Insomnia* is common for cancer patients**, as well as for the general population. We frequently hear from our patients and their caregivers that sleeping through the night is just tough. It can take a toll on our physical and emotional selves! Sleep is important for all of us. Here are a few thoughts that may be helpful to help manage insomnia.
- Large-scale studies have not proven the long-term benefit of insomnia medications.
- Any medications should not be used for more than several days at a time.
- Although sleep hygiene and behavioral strategies should be first tried for insomnia, there are some people who may need medication for a short period of time to help with sleep.
- Medication may be particularly important if you also have significant anxiety or depressive symptoms.
- Because not all sleep medications are the same and because some should not be used for older people or those with certain medical issues, please talk with your healthcare provider about which medication might be helpful for you.

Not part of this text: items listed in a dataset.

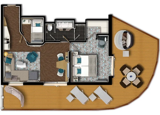 | SUDO - Diamant Suite 42 m² + balkon 47 m² se stolem se 4 židlemi, s houpací sítí, 2 lehátky a postelí Sun island. 2 ložnice, obývací pokoj, Herní konzole. 6. paluba. Max 6 osoby. Výhody Suite. | 250 759 Kč 62 690 Kč za osobu | ||
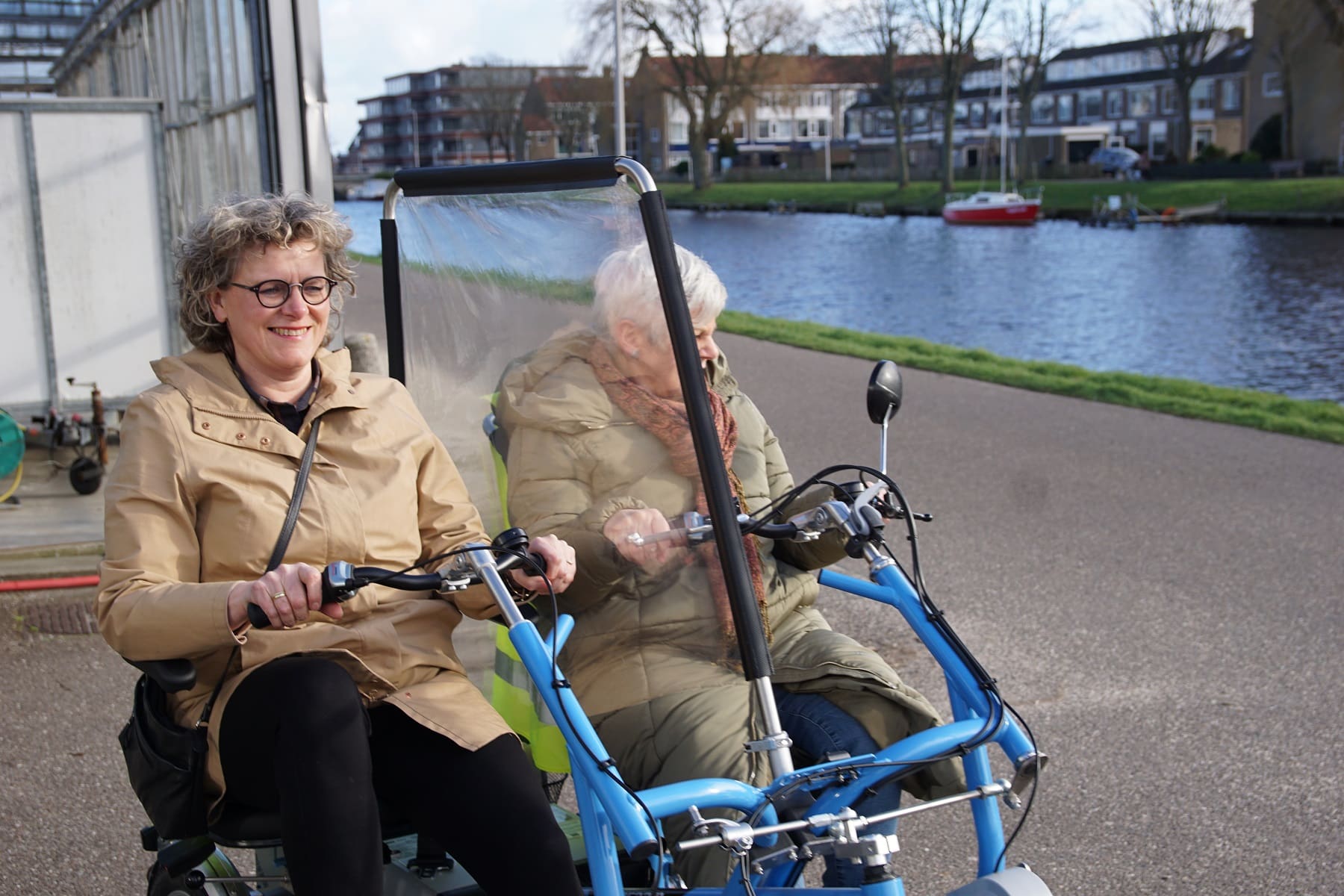 Sinds mei vorig jaar is Fietsmaatjes Katwijk officieel gestart. Afgelopen november kregen zij de eerste twee duofietsen in hun bezit. De derde fiets is inmiddels ook geleverd en een vierde is onderweg. Nog voordat deze fietsen arriveerden, konden vrijwilligers zich al aanmelden als fietsmaatje. Zo ook wethouder Corien van Starkenburg. Net zoals alle andere vrijwilligers maakte de wethouder eerst een proefritje.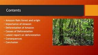 The document discusses the Amazon rainforest, including its importance, causes of deforestation, and consequences. The largest rainforest in the world, over half of it is located in Brazil and home to over 30 million people from 350 ethnic groups. It plays a key role in regulating oxygen and carbon cycles, producing 6% of the world's oxygen. Deforestation has increased over the last 50 years due to agriculture, cattle farming, and infrastructure development. This results in higher carbon dioxide levels and loss of biodiversity, threatening the planet. While organizations work to address it, illegal activities remain difficult to fully address.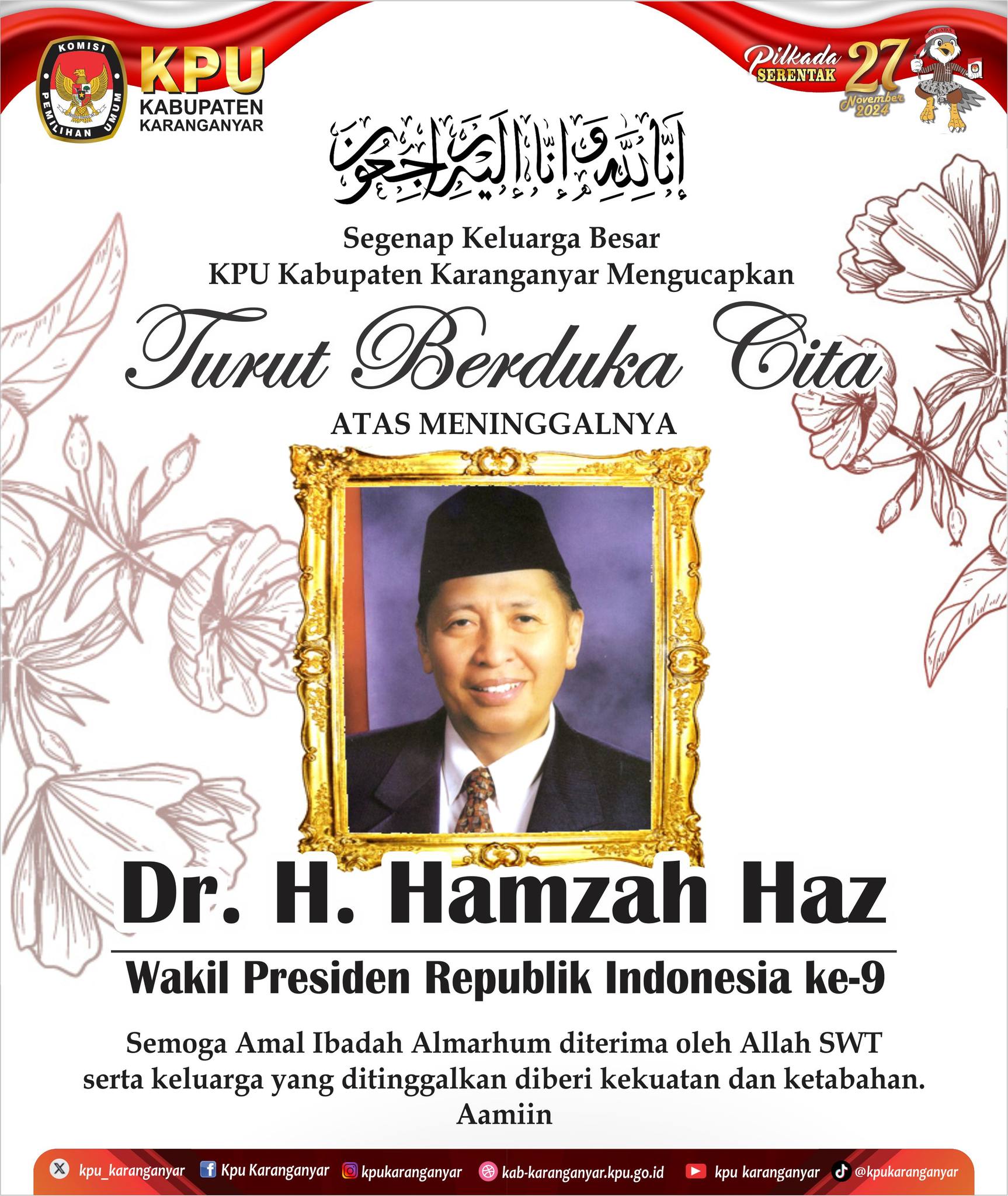 Segenap Keluarga Besar KPU Kabupaten Karanganyar mengucapkan Turut Berduka Cita atas Meninggalnya Dr. H. Hamzah Haz (Wakli Presiden Republik Indonesia ke-9).

- Always discuss supplement use with your provider as well. Some of these supplements can interact with certain cancer treatments. It is important your provider knows if you are taking supplements to help with sleep (like Melatonin or St. John’s Wort).

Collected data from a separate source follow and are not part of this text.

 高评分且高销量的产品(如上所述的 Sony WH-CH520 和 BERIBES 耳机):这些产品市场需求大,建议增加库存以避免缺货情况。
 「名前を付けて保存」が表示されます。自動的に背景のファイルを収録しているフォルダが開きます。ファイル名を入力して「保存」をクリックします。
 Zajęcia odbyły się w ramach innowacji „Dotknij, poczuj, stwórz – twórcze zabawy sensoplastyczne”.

- Think about Cognitive Behavioral Therapy (CBT). Its been found to be a very effective therapy for changing thoughts and behaviors that lead to disruptive sleep and includes relaxation techniques and sleep hygiene education.

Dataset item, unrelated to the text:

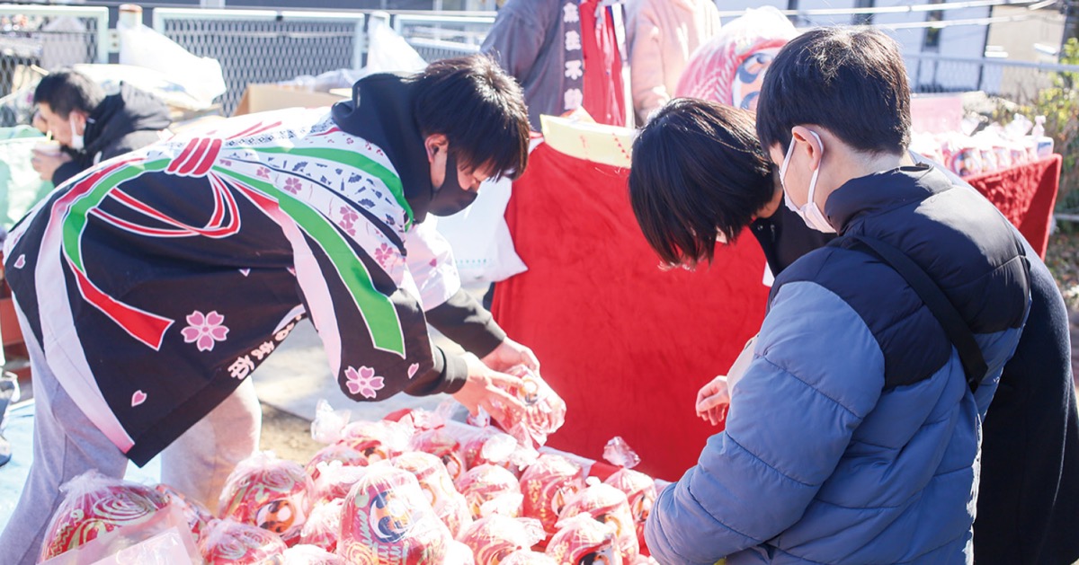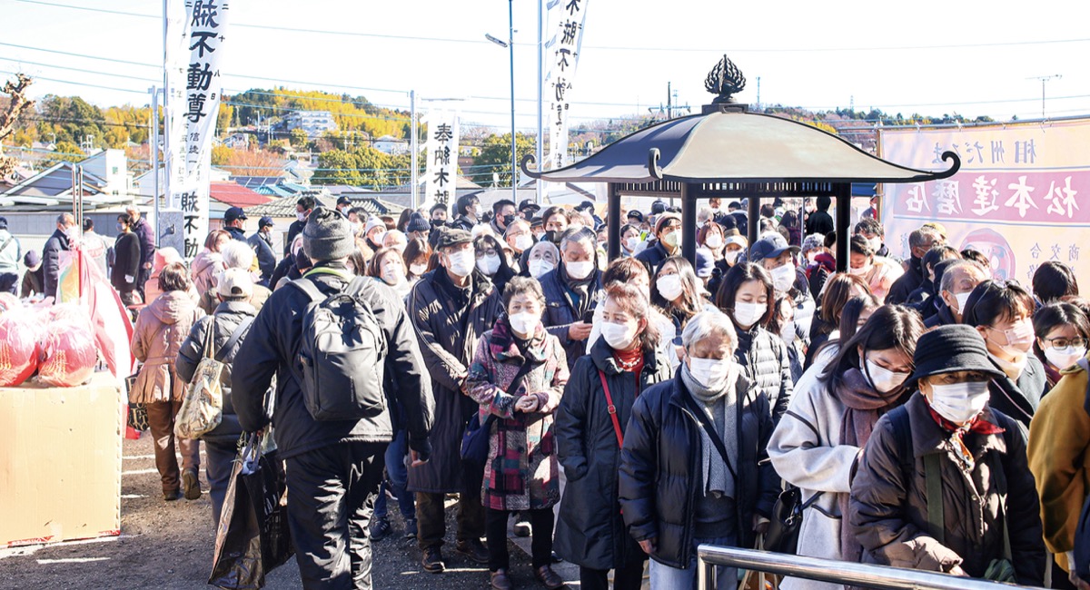 当日、同院周辺の道路は交通規制が行われ、お好み焼きやフルーツ飴、射的などの屋台が並んだ。出店数は、感染対策で制限された昨年よりも多かったという。境内では、参拝者が家内安全や無病息災を祈り、穴あき銭やだるまを求めた。だるまの購入者には「よよよい、よよよい、よよよいよい」の掛け声とともに火打ち石が鳴らされた。販売店の男性は「今年は午前中から売れ行きがよい」と話していた。

- Avoid caffeine, especially in the evening (including coffee, tease, chocolate, sodas).
- Foods, beverages and supplements promoting “energy enhancement” generally have caffeine in them.
- Don’t eat late at night or go to bed on a full stomach.
- Discuss herbs and supplements such as Melatonin or Valarian with your health provider.
Exercise and Activity
- Energy conserving techniques
- Keep an activity log
- Development of an exercise program
Other Relaxation Techniques
Practice Sleep Hygiene
- Create a restful and calm sleep environment.
- Incorporate daily exercise, but not too close to bedtime.
- Limit substance use including nicotine, alcohol, and caffeine.
- Don’t smoke. Stay away from all forms of tobacco. Not only has it been linked to several types of cancer; the nicotine in tobacco can keep you awake.
- Go to bed and get up from bed at the same time every day.
- Avoid long daytime naps. Keep your daytime naps to 30 minutes or less. And, don’t take a nap within several hours of bedtime.
- Write it out. Keep a pen and paper by your bed if you are prone to wake up and worry about the next day’s events. Jot down your reminder and fall back to sleep.
- Keep the bedroom quiet, peaceful, relaxing, and dark
- Cool it down. Check the temperature of your bedroom. Some studies show that the optimum bedroom temperature should be between 65 to 72 degrees for sound sleep.
- Wear socks if your feet are cold. Cold feet can keep us awake and alert. Warm feet could mean more sleep.
- Invest in a white noise machine. Many people are sensitive to background noise. A good way to calm the mind and block out ambient noise is to use a fan or white noise machine or other device or app that mimics soothing sounds such as an ocean, a rainforest, a river, or a thunderstorm.
- Use the bed only for sleep, remove TV from the bedroom
- Power down. The blue light from cell phones, tablets, TV, and computer screens suppresses melatonin, which directly interferes with sleep. So, shut off your electronic devices in the evening, and leave them off until morning.
- Create a calming ritual before bed such as quiet time, herbal tea, relaxing music
- Change nighttime beverages to soothing teas, such as caffeine-free chamomile or lavender tea.
*Definition: Insomnia is an ongoing pattern of sleep disturbance; difficulty falling asleep or staying asleep, which persists for longer than one month.
**Impact on patients with Cancer: Studies have estimated that between 30-75% of patients with cancer experience insomnia, either alone or in conjunction with other symptoms, such as fatigue, pain, and emotional issues.
Lucretia Hurley-Browning, MDiv, MS, is a guest writer whose recent background includes Chaplain of the Abramson Cancer Center at Pennsylvania Hospital and the Director of Juniper Tree Counseling Center. She is a therapist and ordained United Methodist Minister. Currently, she is a writer by day, a reader by night, and is passionate about living life meaningfully with a good dose of fun.